Is it possible to create a vector space for all English words that has this same "closer in space is closer in meaning" property? How do we build such a vector space for all words in a language? We learn them!

To understand how that works, we have to back up a bit and ask the question: what does *meaning* mean? No one really knows, but one theory popular among computational linguists, computer scientists and other people who make search engines is the [Distributional Hypothesis](https://en.wikipedia.org/wiki/Distributional_semantics), which states that:

    Linguistic items with similar distributions have similar meanings.
    
What's meant by "similar distributions" is *similar contexts*. Take for example the following sentences:

    It was really cold yesterday.
    It will be really warm today, though.
    It'll be really hot tomorrow!
    Will it be really cool Tuesday?
    
According to the Distributional Hypothesis, the words `cold`, `warm`, `hot` and `cool` must be related in some way (i.e., be close in meaning) because they occur in a similar context, i.e., between the word "really" and a word indicating a particular day. (Likewise, the words `yesterday`, `today`, `tomorrow` and `Tuesday` must be related, since they occur in the context of a word indicating a temperature.)

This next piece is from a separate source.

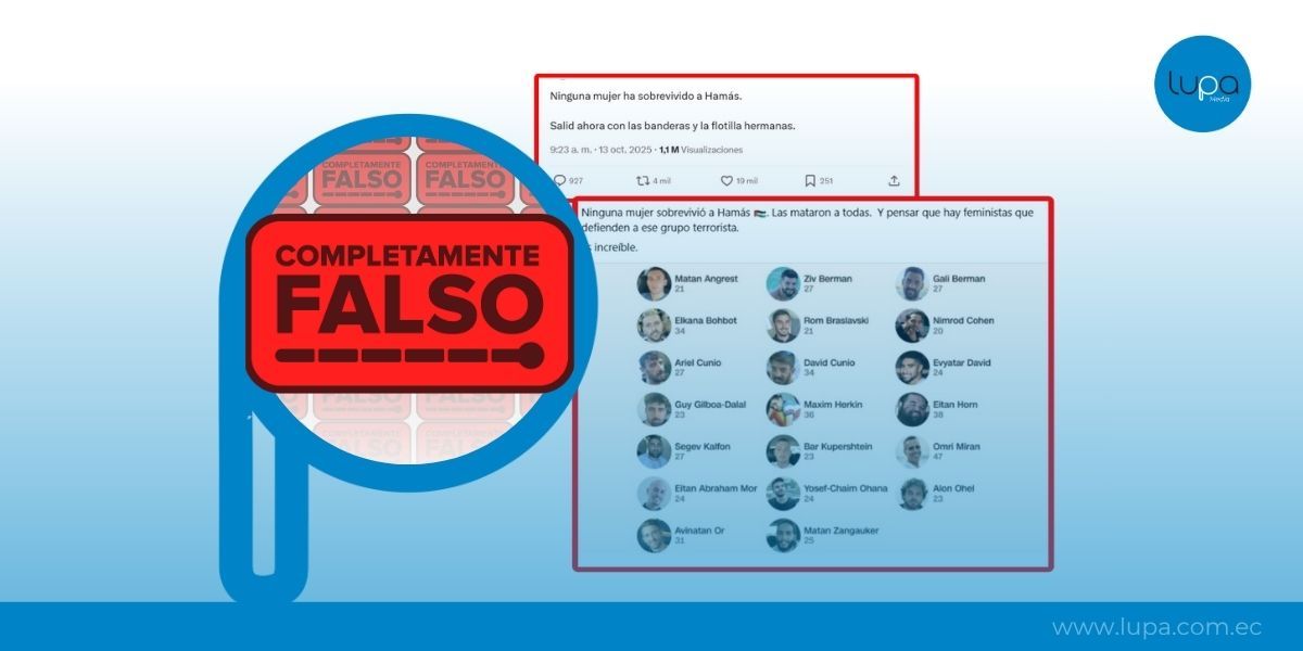 Publicaciones en redes sociales aseguran que «ninguna mujer secuestrada por Hamás ha sobrevivido» porque los 20 rehenes liberados el 13 de octubre de 2025 en el marco del alto el fuego eran hombres. Algunas cuentas políticas en X afirmaron que «Hamás asesinó a las rehenes mujeres restantes».

In other words, according to the Distributional Hypothesis, a word's meaning is just a big list of all the contexts it occurs in. Two words are closer in meaning if they share contexts.

## Word vectors from predicting contexts

For us to be able to learn such "contexts" from data we need to be able to do this as an unsupervised task. We will need a lot of text to learn about rare words and their contexts. There is nearly an infinite amount of text data on the internet (wikipedia, news, books, ...), but it is not labelled. Or is it?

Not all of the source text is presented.